Failed to executPlease press Enter to activate this console.

It appears to stop the boot process at this point, pressing Enter to activate the console always returns "Failed to execut".

We had assumed that this was caused by unexpected power cuts as we do not gracefully shutdown the system (We do not know when the power will be cut) and rely on the filesystem being robust enough to handle unexpected power cuts. Tests were carried out with multiple units where the power was cut at random intervals and rebooted. After several thousand cycles the units were still functioning as expected. So we ruled that out.

Environmental conditionals were considered as well, so there were put into environmental test cycles where we heated and froze the units several times over but still the function.

Most of the time, it is possible to go into safemode and do a firstboot. Whilst this fixes the Onion, the better solution would be to prevent it from needing a firstboot in the first place.

Does anyone have any insight as to why it is failing to boot? Or what is causing it. We reckon it has something to do with the overlay failing to mount but other than that I am not an Linux expect whatsoever. Is there a way to gracefully shutdown the Onion? Although this cannot always be guaranteed due to the nature of their installation.
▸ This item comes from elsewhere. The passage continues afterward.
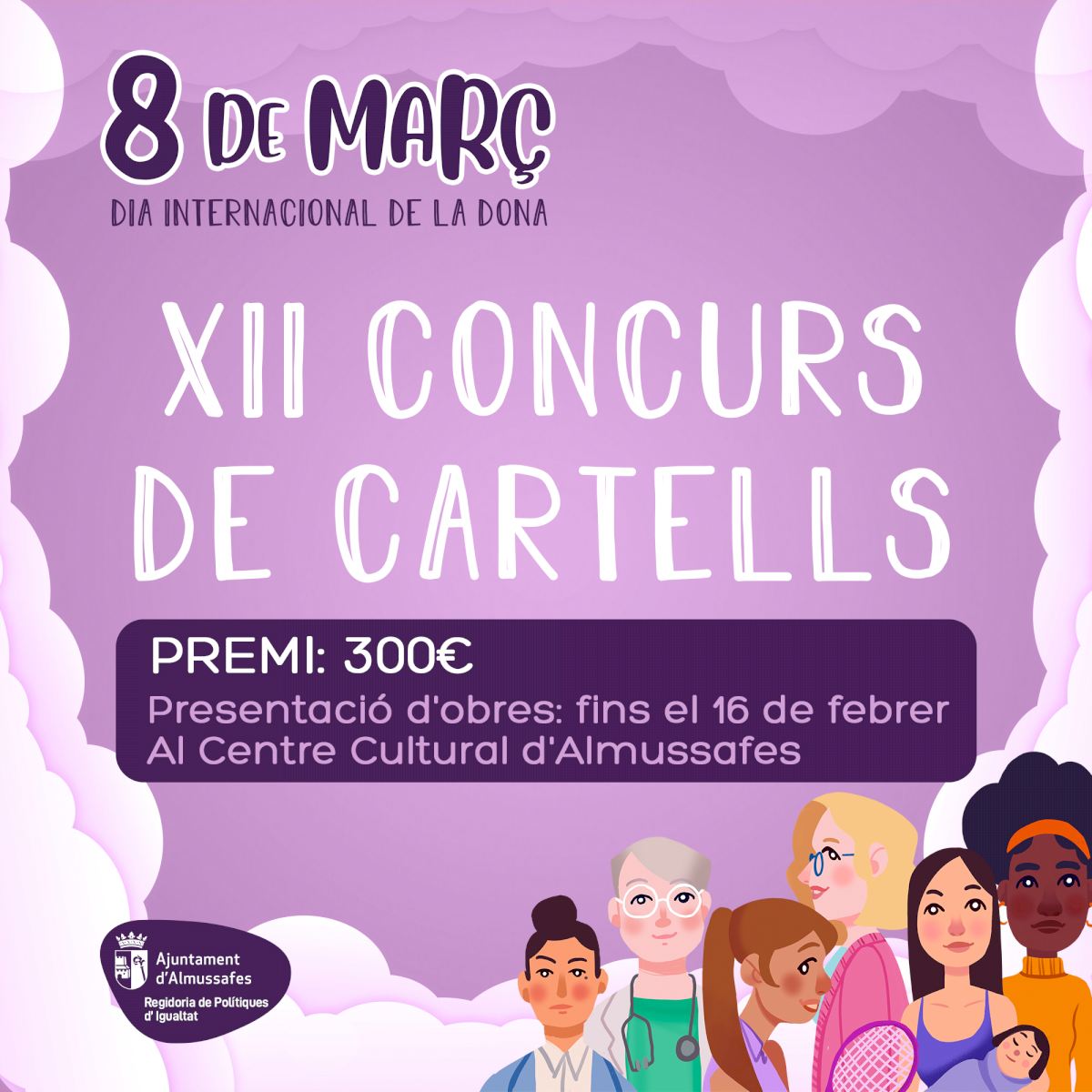 El XII Concurso de Carteles ‘8 de marzo. Día Internacional de la Mujer’, impulsado por la Concejalía de Políticas de Igualdad del Ayuntamiento de Almussafes arranca una nueva edición con la publicación de sus bases. Los trabajos podrán presentarse hasta el próximo 16 de febrero por correo o en la conserjería del Centro Cultural. La obra ganadora recibirá una gratificación económica de 300 euros, galardón que se entregará durante la inauguración de la exposición que reunirá todos los diseños presentados, prevista para el próximo 7 de marzo. “Animo a toda la ciudadanía a participar en esta iniciativa porque sé que en Almussafes hay mucho talento y porque, además, es una forma muy original de participar en una de las conmemoraciones más destacadas de todo el calendario”, declara la concejala de Políticas de Igualdad, Belén Godoy.

Any pointers or suggestions are hugely appreciated. Thanks for taking the time to read this.

luz

@Cooper-Chan I'm using an app based on 19.07.7 myself on >1000 units in the field, so I can feel with you that this is an unpleasant problem to have...

My first guess would be exhausted memory caused by something happening early in the boot process.
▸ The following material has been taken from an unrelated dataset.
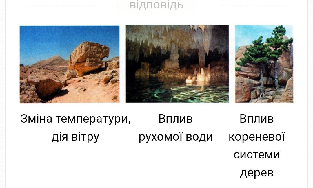 Припусти, які чинники вплинули на руйнування гірських порід, зобра- жених на світлинах. Запиши.

My rationale for this would be the following: From your log this happens quickly after procd begins processing the init scripts in /etc/init.d/.

And the truncated message Failed to execut is almost certainly the output of askfirst which is trying to execute /usr/libexec/login.sh after you press return. Unfortunately, askfirst immediately terminates itself after printing the message, so that's why it gets truncated (askfirst is a 43 line C program, easy enough to understand, see build_dir/target-mipsel_24kc_musl/procd-xxxxxxxx/utils/askfirst.c). But askfirst is never called with anything else than /usr/libexec/login.sh, so that's almost certainly the thing that fails to execute. And unless your rootfs is severely damaged, I can't imagine anything except simply not enough memory as the cause.

From here, I would wildly guess that you start your python app early in the boot process (via a /etc/init.d/xx script), and depending on its own persisted state from previous runs it simply consumes too much memory too quickly, and brings everything else to a halt.

While this is pure speculation regarding your (mostly unknown to me) setup&app, I once had a socket leak in my own main app (written in C++), that gobbled up all memory not immediately, but over time. The result was very similar to what you describe.

I might be totally wrong, but ruling out exhausted memory might help in your search for the real cause.

BTW: From my experience, ruining the jffs2 overlay just by powering off is not something that happens. The worst outcome I'd expect would be an inconsistency in files being written right at the moment the power goes down, but no general corruption beyond that.

Lazar Demin

@Cooper-Chan The memory scenario suggested by @luz is definitely worth investigating.

On the hardware side, I would suggest looking for any stray sources of electromagnetic interference.

There was a post earlier this year about a situation similar to yours - deployed Omega2 units would stop booting after some time because of what looked like corrupted firmware. It turned out a cable connected to the cellular modem in the device was emitting electromagnetic interference that would corrupt the filesystem.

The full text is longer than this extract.